The second step constitutes the core of the application, i.e., the execution of the mining process and the result return. The Client invokes the submitGlobalTask operation, by passing a GlobalTaskDescriptor, i.e. a complete description of the task to be executed (algorithm name, parameters, initialization type, etc.). By interacting with the Global Algorithm Library, the GlobalMiner-WS runs the code executing the steps to be done. During this phase, suitable data structures are initialized and a suitable set of LocalTaskDescriptor are created. It invokes the submitLocalTask operation, by passing a LocalTaskDescriptor. At this stage, each \(i^{th}\) LocalMiner-WS begins the analysis of the local dataset for computing a local model and local statistics. Such a task is executed, with the support of the LocalAlgorithmLibrary, concurrently on different Grid sites. While every local task is in progress, the GlobalMiner-WS does not need to periodically poll if they are terminated: the notification mechanism, indeed, is able to deliver asynchronous messages warning about the termination of local tasks. As soon as a local computation terminates, the value of the LocalModel Resource is set by the value of the computed local model. The changes in this resource are automatically notified to the listener on the GlobalMiner-WS; this way, the local model computed at the \(i^{th}\) local site is delivered to the global site. As soon as all the local models are delivered to the GlobalMiner-WS, the integration of all these local models is performed. According to the logic of the chosen algorithm (provided by the GlobalAlgorithmLibrary), the GlobalMiner-WS evaluates whether the algorithm is terminated (or not). If it is, the global model computed by the GlobalMiner-WS is stored on the GlobalModel Resource, which is immediately delivered (via the notification mechanism) to the client. Otherwise, the GlobalMiner-WS asks for further processing, by invoking one more time a submitLocalTask operation and waiting for the delivering of the result. Such latter actions are executed as many times as the GlobalMiner-WS needs, until the computation reaches some convergence condition.

Fig. 1.
figure 1

Architectural model of distributed data mining services.

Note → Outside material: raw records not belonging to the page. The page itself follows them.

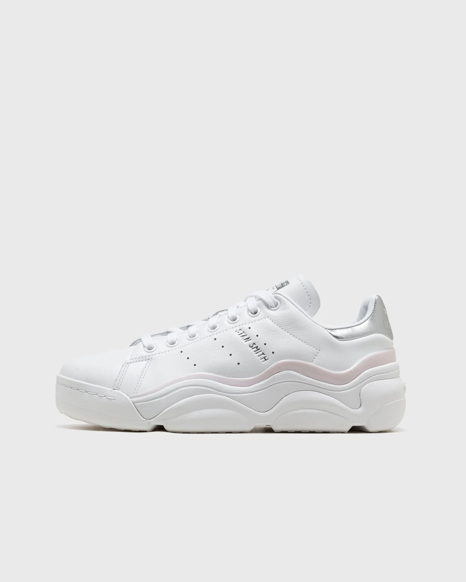 These adidas Stan Smith Millencon shoes bring classic comfort to a design that's equal parts sporty and out of this world. A shiny TPU wave wraps around the shoe, pairing the synthetic upper with a wavy midsole. Sleek metallic heel tabs complete the look with a futuristic flourish. A playful twist on an iconic design, these shoes stay rooted in their origins while pushing into innovative new territory. - Lace-up closure - Synthetic upper - Textile lining - Rubber outsole Article number: ID6977 Gender: women Color: FTWWHT/CLPINK/SILVMT Material: 30% Rubber, 70% Leather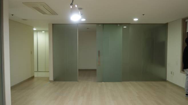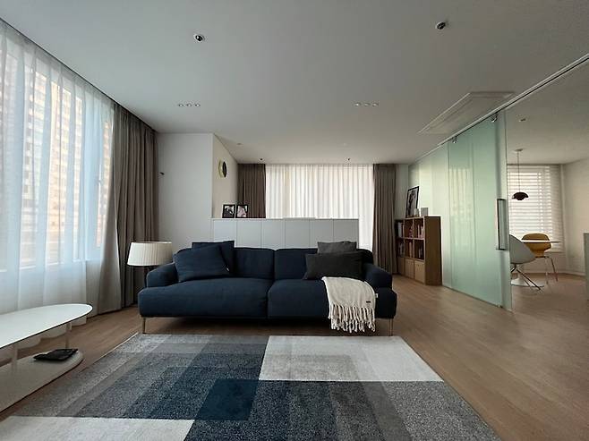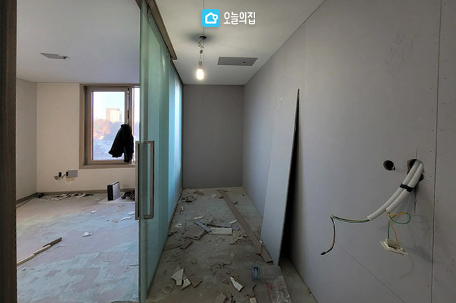 제 눈에 가장 거슬렸던 것은 거실과 방을 분리하는 바로 이 유리도어였는데요, 푸른빛의 유리도어가 공간을 차가워 보이게 하고 사무실처럼 보이게 한다고 생각해서 처음에는 철거하고 싶었어요. 하지만 철거하면 비용이 꽤나 올라간다는 치명적인 단점이 있었죠. 적절한 조명을 사용하고 벽지, 바닥을 새로 하면 유리도어도 나쁘지 않을 것 같다는 인테리어 사장님의 말을 듣고 유리도어는 유지하기로 결정했어요.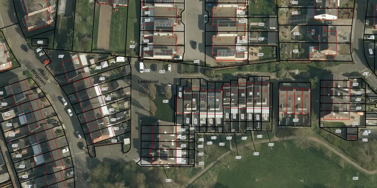 Gebruik de zoekbalk of klik op een perceel voor informatie over de adressen binnen dit perceel.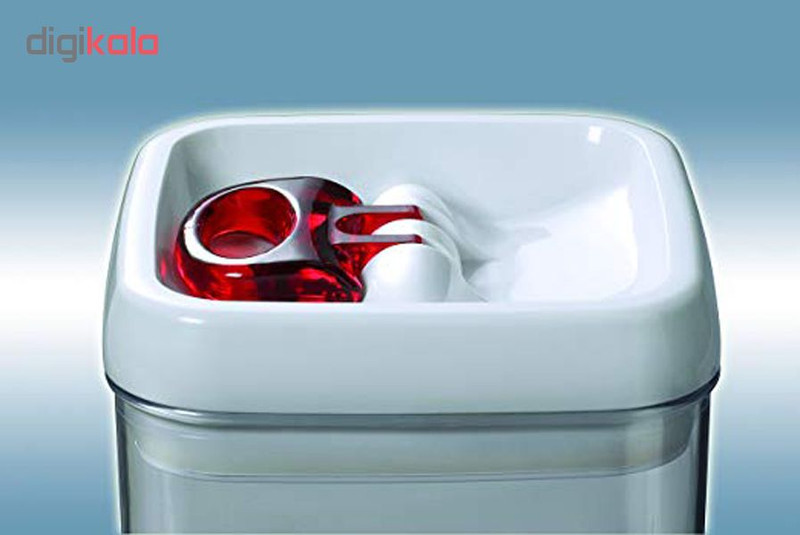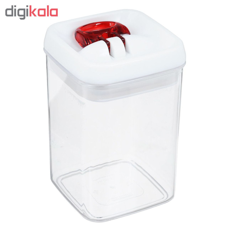 ظرف درب دار با درب راحت باز شو گنجایش 800 سی سی قابلیت نگهداری مایعات ارتفاع ظرف 16 سانتیمتر درب قابل شستشو در ماشین ظرفشویی نیست قطر 10*10 سانتیمتر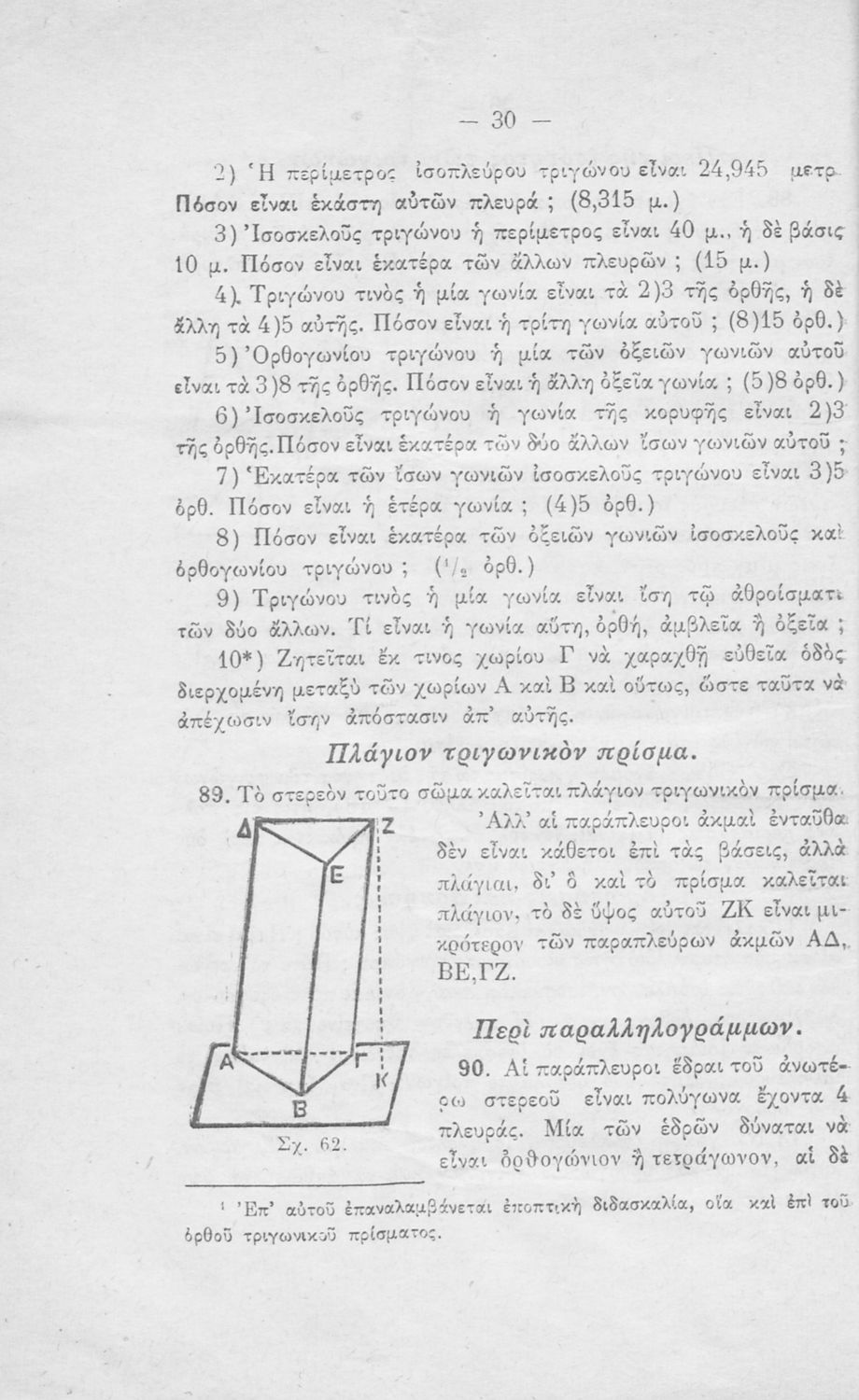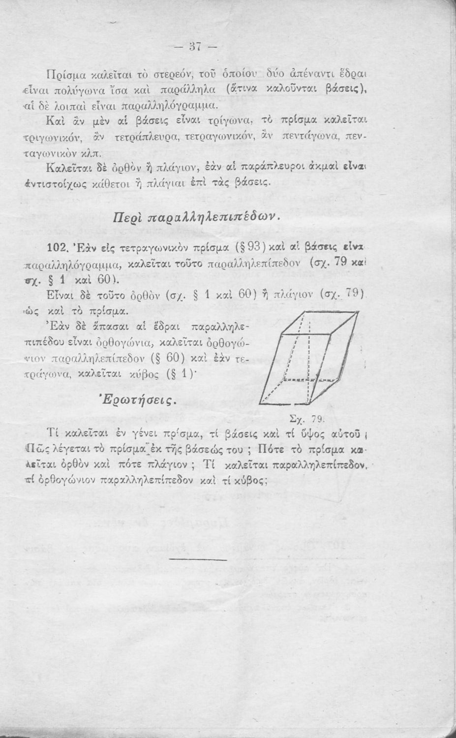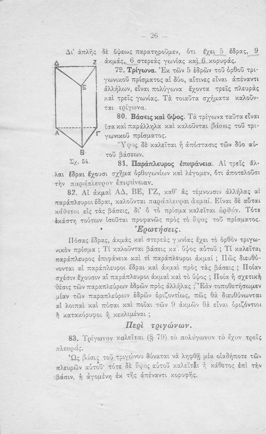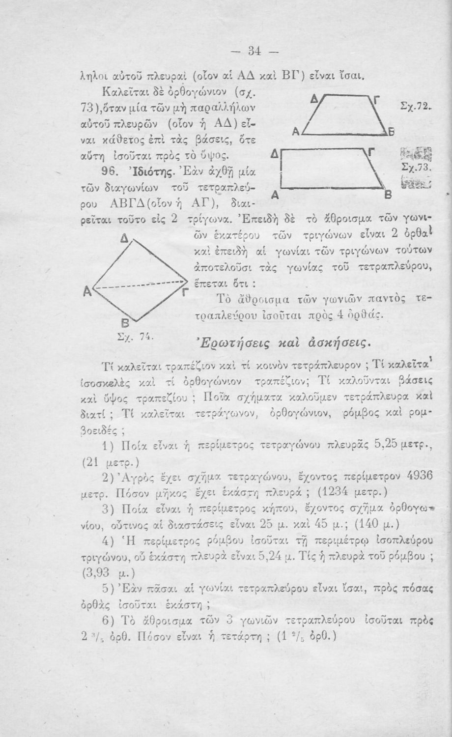 Σχολικό εγχειρίδιο Γεωμετρίας για την Α΄, Β΄ και Γ΄ τάξη των Ελληνικών και Αστικών Σχολείων και Παρθεναγωγείων που είναι χωρισμένο σε Επιπεδομετρία και Στερεομετρία και περιλαμβάνει θεωρία και ασκήσεις.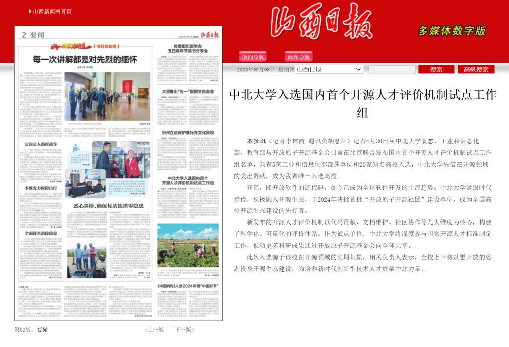 本报讯(记者李林霞 通讯员胡慧萍)记者4月30日从中北大学获悉,工业和信息化部、教育部与开放原子开源基金会日前在北京联合发布国内首个开源人才评价机制试点工作组名单,共有5家工业和信息化部部属单位和20家知名高校入选,中北大学凭借在开源领域的突出贡献,成为我省唯一入选高校。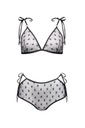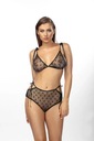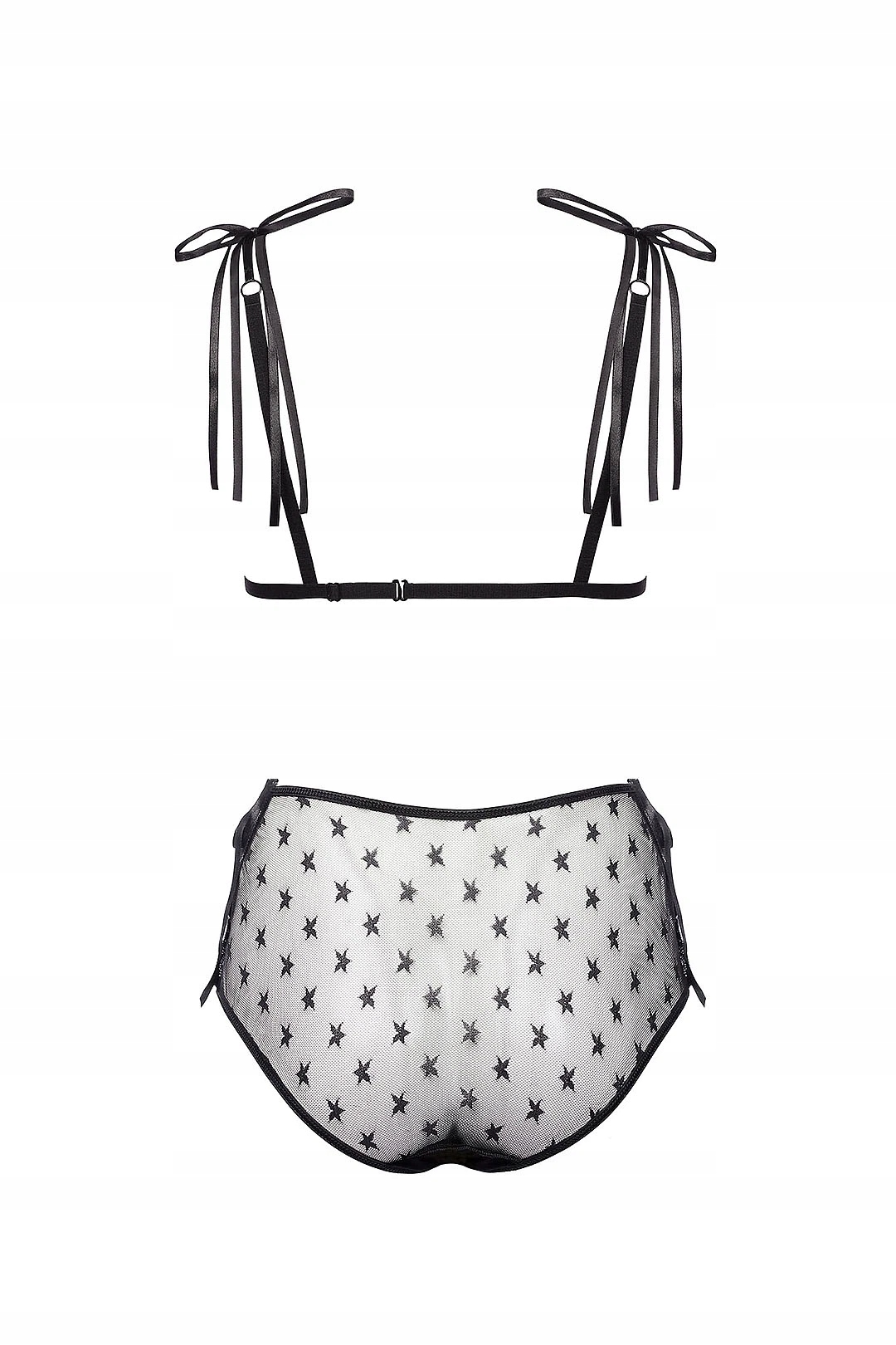 Śliczny, kuszący, dwuczęściowy komplet bielizny wykonany z elastycznego, lekko prześwitującego tiulu, w małe, słodkie gwiazdki. Uroczo wiązany - ramiączka biustonosza są wiązane na ramionach, zaś figi posiadają wiązania po bokach bioder. Całość jest niesamowicie kokieteryjna i sexy. Skład: 80% poliamid, 20% elastan.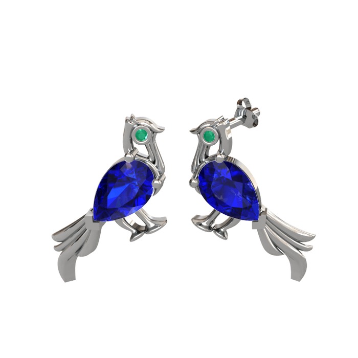 Lab safir ve kök zümrüt 18 ayar beyaz altın küpe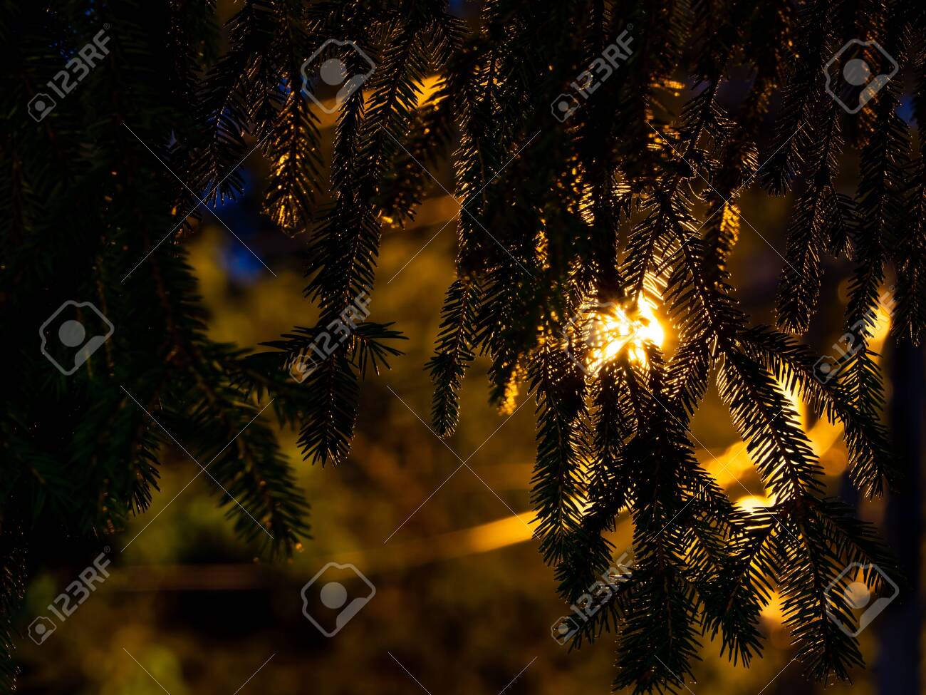 Immagini Stock Light Shining Through Spruce Branches Night Shot Image 105476616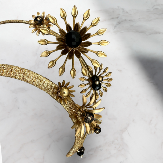 Gilly Gold Mirror Floral Leather - Headband *MADE TO ORDER*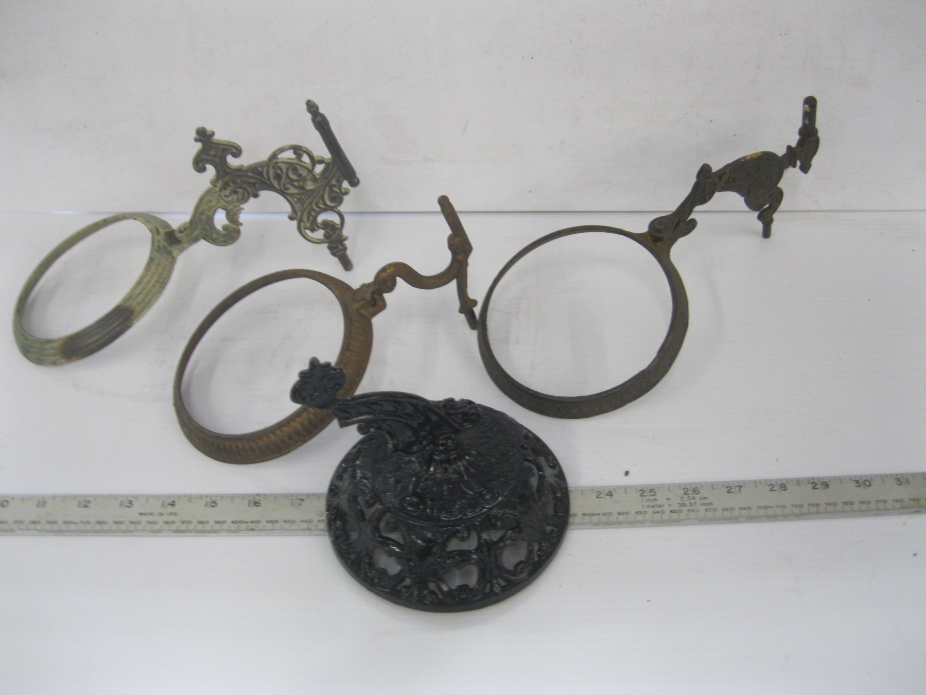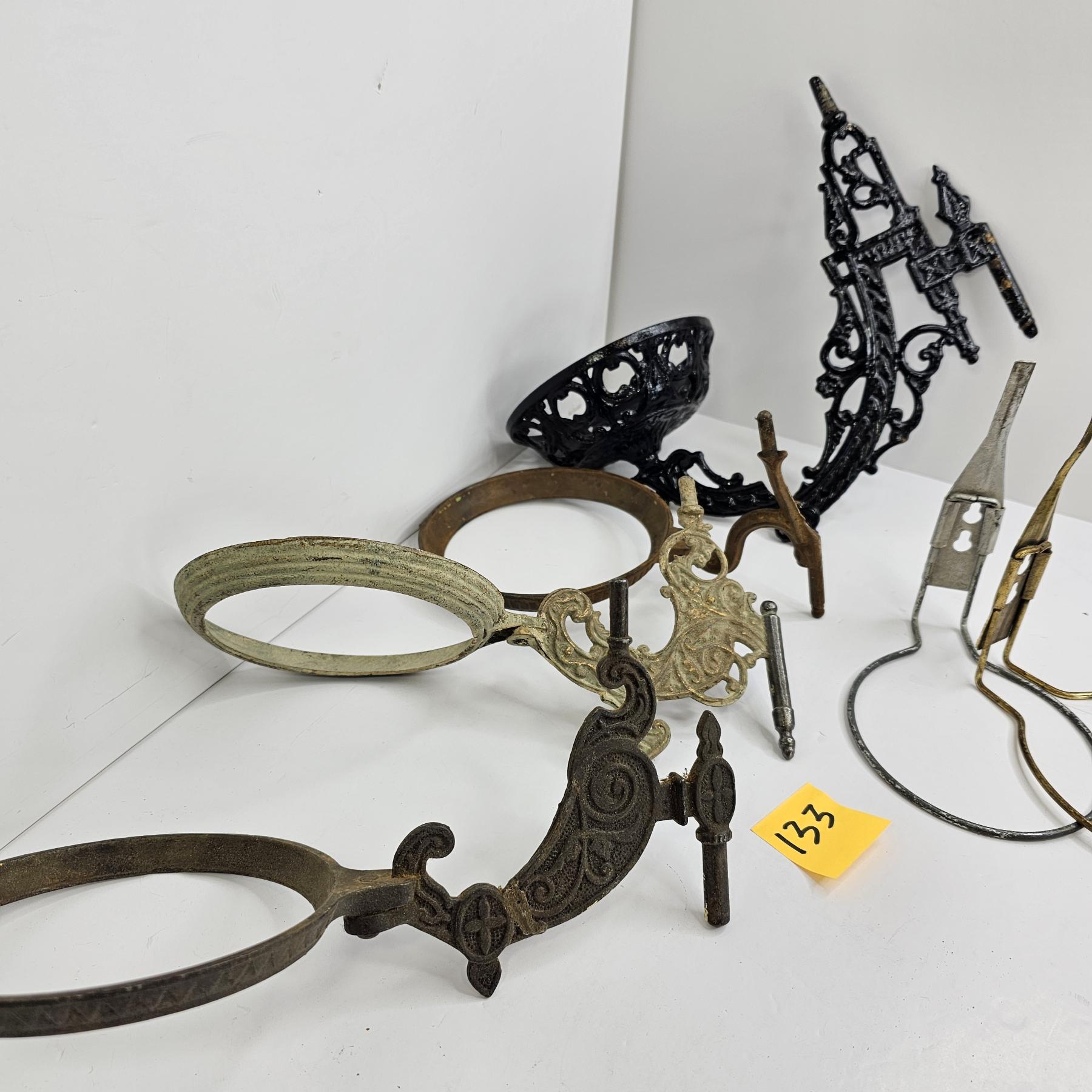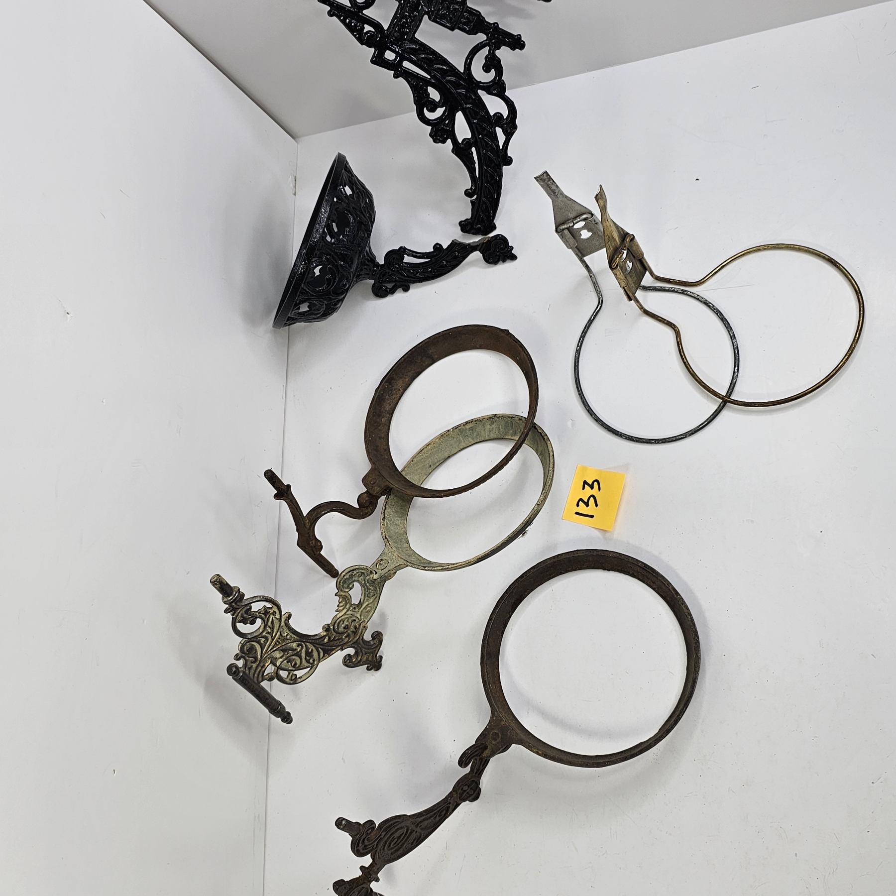 Lot 411 HORSE BITS, HORSESHOE S&P HOLDER & OOIL LANTERN WALL MOUNT PARTS - 1 NEEDS REPAIR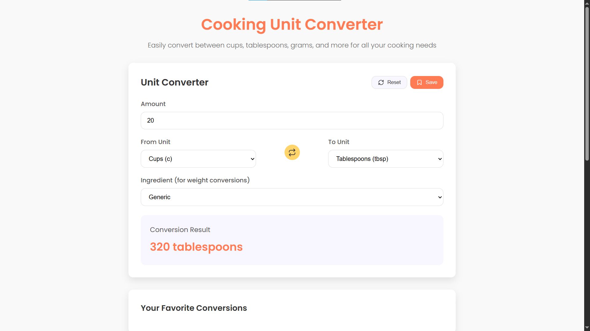 In conclusion, the Cooking Unit Converter is the perfect kitchen companion, eliminating measurement guesswork with its intuitive interface, precise conversions, and handy features like saved favorites and ingredient-specific calculations. Whether you're baking, meal prepping, or trying a new recipe, this tool ensures accuracy and efficiency, letting you focus on what really matters—creating delicious dishes with confidence!

In the final step, as soon as the computation terminates and its results have been notified to the Client, the Client invokes the destroy operation of the GlobalMiner-WS, which eliminates the resource previously created (GlobalModel). Similarly, the GlobalMiner-WS asks for the destruction of the LocalModel.

From a practical (user-side) point-of-view, any new DDM task can be executed on this architecture provided that it suitably implements the interfaces globalAlgorithm and localAlgorithm. Specifically, they export the signatures for those methods each distributed algorithm running on this architecture needs to invoke, i.e. initialize, computeGlobalModel, needsMoreIteration and finalize for the globalAlgorithm; initialize, computeLocalModel and finalize for the localAlgorithm.

4 Formal Framework for Process Performance Prediction

The ultimate goal of this work is to devise a scalable approach to the discovery of a (predictive) Process Performance Model (PPM), capable to accurately predict the performance outcome of any ongoing process case, based on the information stored in its associated (partial) trace. Such a model can be viewed as a function \(\mu : \mathcal {T}\rightarrow \mathbb {R}\) that provides an estimate for \(\hat{\mu }\) all over the trace universe —including the prefix traces of all possible process instances. Discovering a PPM is an inductive learning task, where the training set takes the form of a log L, and the value \(\hat{\mu }(\tau )\) of the target measure is known for each (sub-)trace \(\tau \in \mathcal {P}(L)\). Notably, current approaches to this problem [2, 7, 8] rely on preliminary converting the given process traces in to a propositional form, with the help of some suitable trace abstraction function. The rest of this section provides the reader with a few technical details on the trace abstraction functions considered in our approach, as well as on the specific (clustering-based and probability-aware) kind of PPM that we want to eventually learn from the abstracted traces.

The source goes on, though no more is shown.